Ryan Faas | Sept. 11, 2014
Apple certainly had a lot to announce and preview during its almost-two-hour media event for the launch of the new iPhone 6 and iPhone 6 Plus, which included not only new phones but the company's new mobile payments system known as Apple Pay and the first preview of the Apple Watch -- set to debut sometime early next year.

That same innovative fire was particularly evident in the previews offered up of the forthcoming Apple Watch. Note that innovation isn't cheap. The Apple Watch will sell for $349.

Doing the smartwatch right

The most Apple-like and innovative part of the Apple Watch isn't that the company built a smartwatch. It's that it went back to the user interface (UI) and experience (UX) drawing board. Delivering a clear jab at Samsung (and Android Wear devices in general), Cook noted that Apple deliberately didn't try to shrink an iPhone and put a strap on it. That's what most of Samsung's watches are like, particularly the original Galaxy Gear and the Tizen-powered Galaxy Gear S announced last week.

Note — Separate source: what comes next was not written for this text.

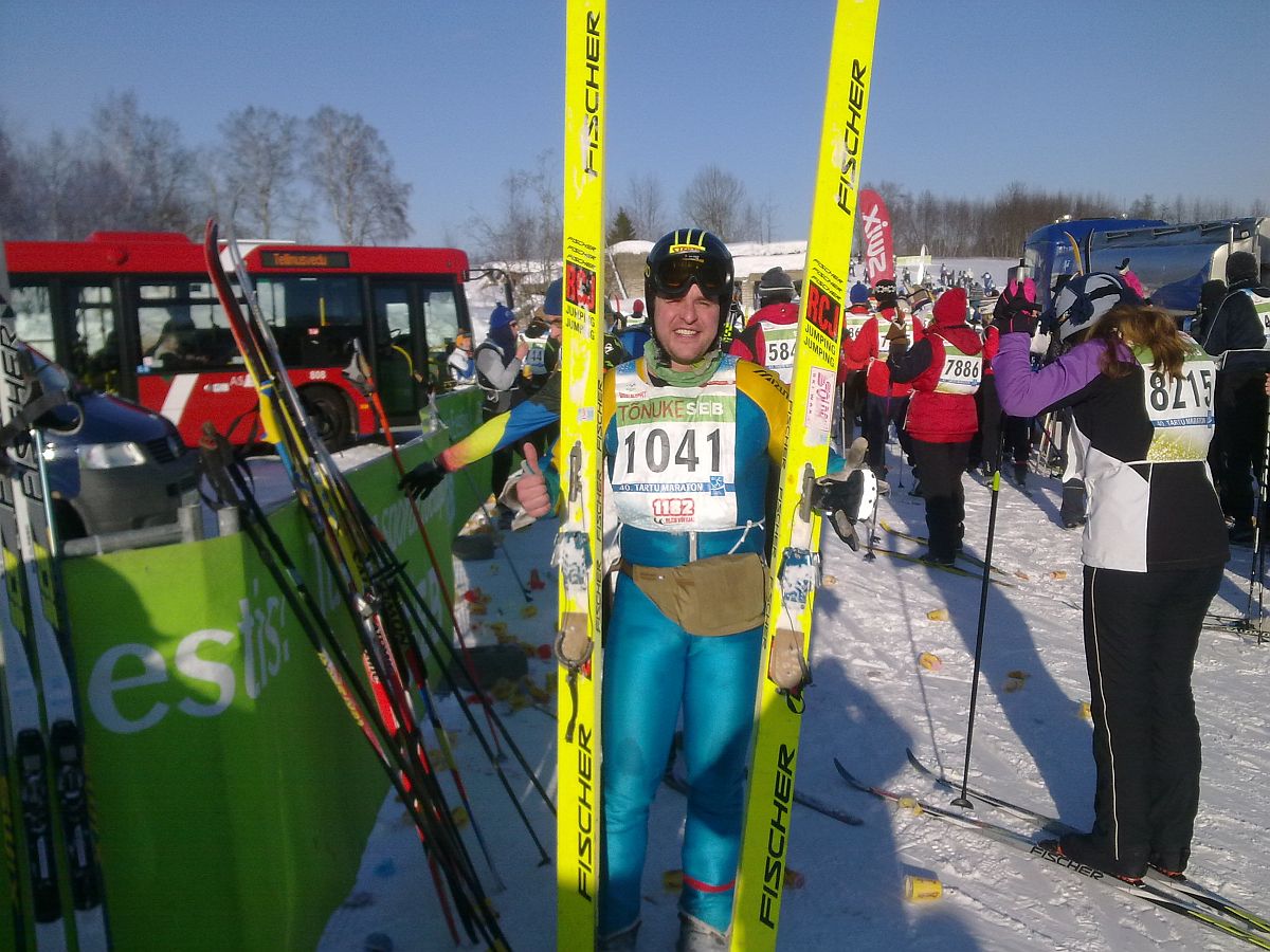 63km läbimiseks kulus aega täpselt 7 tundi ja 17 minutit – see andis diplomile 4346.koha (kuna kõigil kiibid finišeerimist ei fikseerinud, selgus hiljem, et tegelik koht on hoopis 4500). Suusad libisesid lausa super hästi ja pidamisega oli ka enam vähem okei – Peebu TP-s pidin pidamist juurde määrima. Külmaga võitlema ei pidanud, küll aga kuumaga... Ah et miks mul nii kaua läks?! Heh, sest tegin teoks oma ammuse unistuse: läbida Tartu Maraton hüppesuuskadega. Ja mitte ainult hüppesuuskadega, vaid et asjal oleks tõesti mõtet, siis ka suusahüppe varustuses. (Olgu siinkohal ausalt üles tunnistatud, et kuna suusahüppe saabastega ei saa jalga sugugi sirgu ajada ja ka õiget klassikasammu pole võimalik teha, siis nendest sai siiski loobutud üsna tavaliste kirsa-tüüpi töösaabaste kasuks, mis kenasti suusale kinnitusid.) Selle idee generaatoriks oli küll tegelikult minu hea sõber suusahüppe veteranide maailmameister Hillar Irves, kellel oli plaan saada esimeseks hüppesuuskadega Tartu Maratoni läbijaks. Paraku aga võttis ta liiga pikalt selleks hoogu ja kui mullu legendaarne kahevõistleja Tambet Pikkor selle au endale noppis (ajaga 8:00:24), loovutas Hillar oma hüppesuusad tänavu mulle. Ise läks ta sõitma kõva tulemust, et Vasaloppetil parem stardipositsioon saada. Hillariga koos Otepääle saabusimegi ja kella 8 ajal näitas auto termomeeter, et väljas on miinus 30,5 kraadi. Autost väljudes küll asi päris nii hull ei tundunud, kuid krõbe oli küll. Silkasin stardinumbrite järgi ning et aega oli, jalutasin ning uurisin kuidas ma stardikoridori oma laiade suuskadega ära mahun.

Instead, Apple looked at how people would use a smartwatch and actually developed a device with a unique mix of UI elements. Yes, there's a touchscreen, but it's not the only input mechanism. Although I think the term "Digital Crown" is a little ridiculous — it's nothing more than a tiny knob — it is something unique in smartwatch design. The closest comparison is the Pebble's brilliant four-button approach that allows you to scroll, select and go back a step without having to touch the screen — an approach that more closely matches what people might do on a watch, though it is a bit basic and limited.

By combining the Digital Crown with a touchscreen, Apple took the best of both types of interfaces — touch and swipe when it makes sense, scroll or zoom or return to the homescreen using the Digital Crown when that makes sense. The ability to integrate a press along with a touch or swipe thanks to a pressure-sensitive screen adds another intuitive input option. Each alone would deliver a subpar user experience — the Pebble is limited because its interface is scroll-and press-based (like Apple's Digital Crown, albeit with buttons and not a knob or scroll wheel).

In order to be truly functional, many touchscreen watches already on the market need to be larger than most people feel comfortable wearing. Size and style were clearly on Apple's list, which is why the Apple Watch will come in two sizes, both sporting the same intuitive experience.

Apple also recognized that a watch or wearable needs to be less geeky and more fashionable than its competitors. The Apple Watch is, in many ways, the antithesis of Google Glass. It's designed to look fashionable, yes, but it's also designed not to draw attention to itself. It actually looks like a high-end watch. Even the taptic notification experience allows the user to be aware of an incoming message or other event while not making noise or vibrating loudly or obviously, something that people in meetings and restaurants the world over will undoubtedly appreciate.